Task directions
Show each line from the records below in which the word "size" occurs.

Input data
BEGIN
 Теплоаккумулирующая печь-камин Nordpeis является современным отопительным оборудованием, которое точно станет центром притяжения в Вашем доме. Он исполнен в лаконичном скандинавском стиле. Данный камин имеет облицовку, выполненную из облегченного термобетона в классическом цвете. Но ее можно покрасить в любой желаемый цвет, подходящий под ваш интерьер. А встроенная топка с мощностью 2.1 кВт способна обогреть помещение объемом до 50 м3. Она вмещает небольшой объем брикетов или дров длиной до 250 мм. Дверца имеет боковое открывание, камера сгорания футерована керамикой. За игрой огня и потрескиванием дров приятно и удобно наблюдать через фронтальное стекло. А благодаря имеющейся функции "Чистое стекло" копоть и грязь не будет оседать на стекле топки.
END
BEGIN
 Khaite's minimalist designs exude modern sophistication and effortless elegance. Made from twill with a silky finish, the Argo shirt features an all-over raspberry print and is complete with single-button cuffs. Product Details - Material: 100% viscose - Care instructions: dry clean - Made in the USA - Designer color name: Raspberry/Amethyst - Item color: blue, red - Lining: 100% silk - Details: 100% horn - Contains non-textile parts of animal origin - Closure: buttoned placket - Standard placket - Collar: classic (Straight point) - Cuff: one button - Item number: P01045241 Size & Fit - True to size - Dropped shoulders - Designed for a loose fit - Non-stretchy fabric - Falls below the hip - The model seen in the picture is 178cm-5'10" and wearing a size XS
END
BEGIN
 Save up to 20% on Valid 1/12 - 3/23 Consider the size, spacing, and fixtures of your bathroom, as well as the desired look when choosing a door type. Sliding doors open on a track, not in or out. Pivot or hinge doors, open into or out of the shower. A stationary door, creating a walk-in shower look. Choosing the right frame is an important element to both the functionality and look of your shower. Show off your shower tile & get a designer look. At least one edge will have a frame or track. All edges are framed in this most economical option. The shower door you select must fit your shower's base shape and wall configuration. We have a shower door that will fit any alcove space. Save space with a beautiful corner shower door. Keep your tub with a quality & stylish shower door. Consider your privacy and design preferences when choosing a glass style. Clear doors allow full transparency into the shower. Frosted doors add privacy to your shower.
END
Solution
 Khaite's minimalist designs exude modern sophistication and effortless elegance. Made from twill with a silky finish, the Argo shirt features an all-over raspberry print and is complete with single-button cuffs. Product Details - Material: 100% viscose - Care instructions: dry clean - Made in the USA - Designer color name: Raspberry/Amethyst - Item color: blue, red - Lining: 100% silk - Details: 100% horn - Contains non-textile parts of animal origin - Closure: buttoned placket - Standard placket - Collar: classic (Straight point) - Cuff: one button - Item number: P01045241 Size & Fit - True to size - Dropped shoulders - Designed for a loose fit - Non-stretchy fabric - Falls below the hip - The model seen in the picture is 178cm-5'10" and wearing a size XS
 Save up to 20% on Valid 1/12 - 3/23 Consider the size, spacing, and fixtures of your bathroom, as well as the desired look when choosing a door type. Sliding doors open on a track, not in or out. Pivot or hinge doors, open into or out of the shower. A stationary door, creating a walk-in shower look. Choosing the right frame is an important element to both the functionality and look of your shower. Show off your shower tile & get a designer look. At least one edge will have a frame or track. All edges are framed in this most economical option. The shower door you select must fit your shower's base shape and wall configuration. We have a shower door that will fit any alcove space. Save space with a beautiful corner shower door. Keep your tub with a quality & stylish shower door. Consider your privacy and design preferences when choosing a glass style. Clear doors allow full transparency into the shower. Frosted doors add privacy to your shower.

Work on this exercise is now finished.